There are some conventional pop/rock songs (Too Much Time), some jerky time signatures (Sun Zoom Spark), some dadaist poetry (Golden Birdies) and some freeform guitar noise (Big Eyed Beans From Venus). After Clear Spot the floodgates opened and I explored his other work, embracing it all, always intrigued and rarely disappointed. Even the maligned Blue Jeans and Moonbeams starts with a beaut in Observatory Crest.

It is of course Trout Mask Replica that people hold up as the career highlight, the album to judge him by. What I'm trying to say is that there are other ways in to his work, and I would encourage anyone who is put off by TMR to dig deeper. I love Trout Mask Replica but every time I hear it I am reminded of Brian Eno's comment about it - "they sound like they never heard music before." So perceptive.
Not only did it stretch the boundaries of 'rock' music, but it played a major part in creating today's post-punk post-rock music world. Lester Bangs said that Beefheart was the most important artist to emerge from the '60s, more important than the Beatles, and he has a point. I know who I listen to more.

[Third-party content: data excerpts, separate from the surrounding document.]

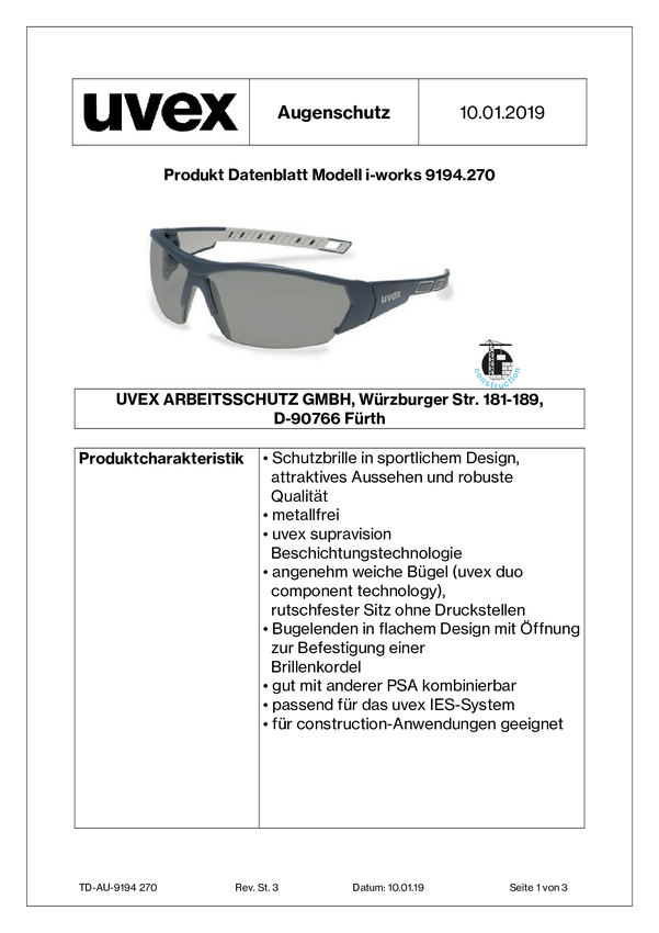 uvex i-works 9194270 Okulary ochronne z ochroną UV antracytowy, szary
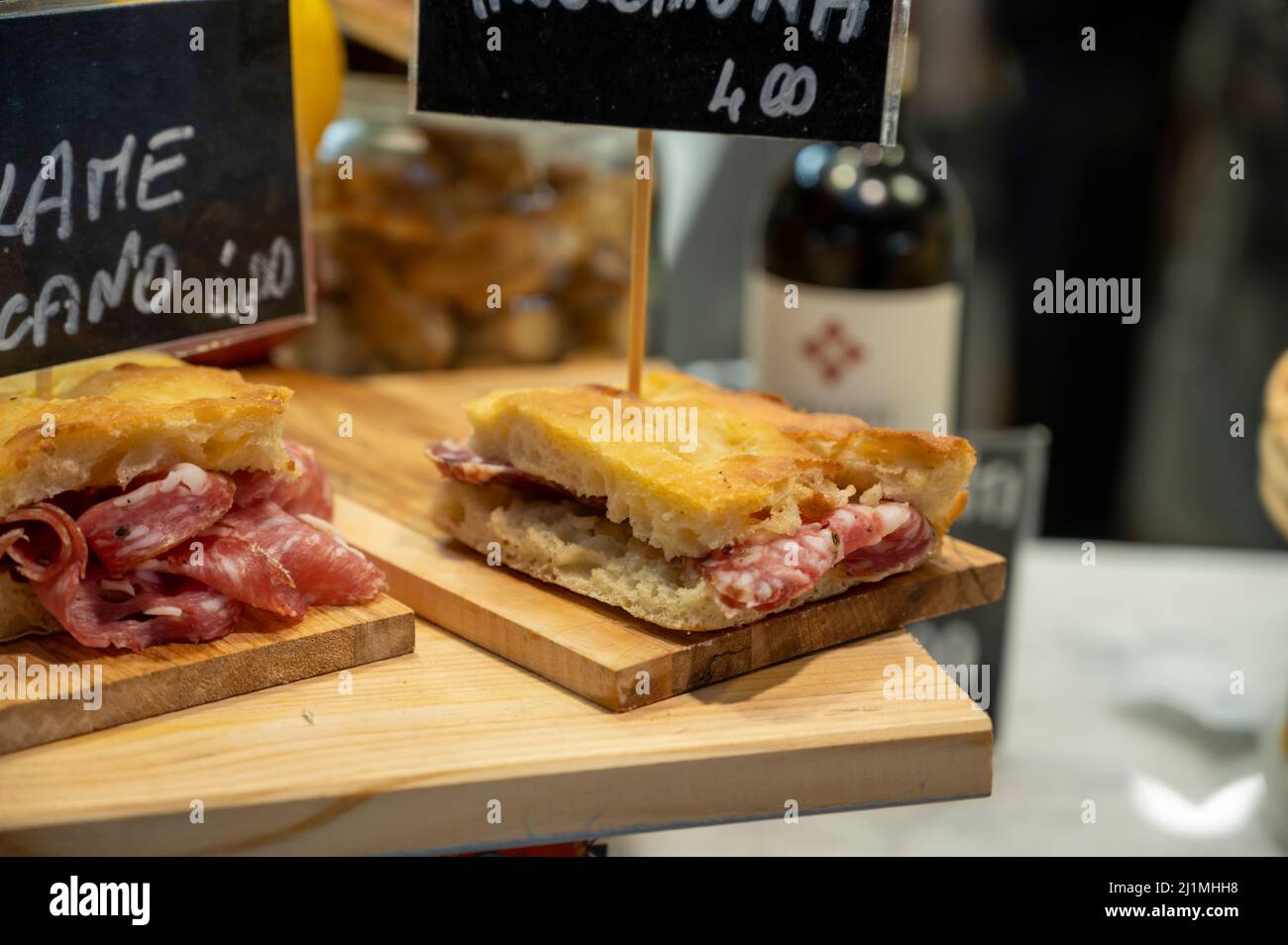 Comida italiana de la calle, sándwiches de jamón de Parma, pan con
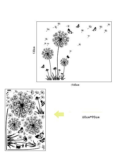 -. Title : Amaonm® Removable Diy Black Dandelion Butterfly Wall Stickers PVC Home Art Decoration Mural Wall Decal for Bedroom Sitting Bathroom Kitchen Bathroom Room Sofa Tv Background

Captain Beefheart, (or Don Van Vliet) was a unique musician and artist. He had a prodigious talent for sculpture and won a scholarship to Europe when he was just 13, although he didn't take it up as his family relocated to the mojave desert. He also made more money from painting than he ever did from his music, though it is for the latter he will be remembered. With the Magic Band he was able to pull apart and reassemble the very structure of rock music and to follow his own vision. We can only hope to find someone with such a singular vision again.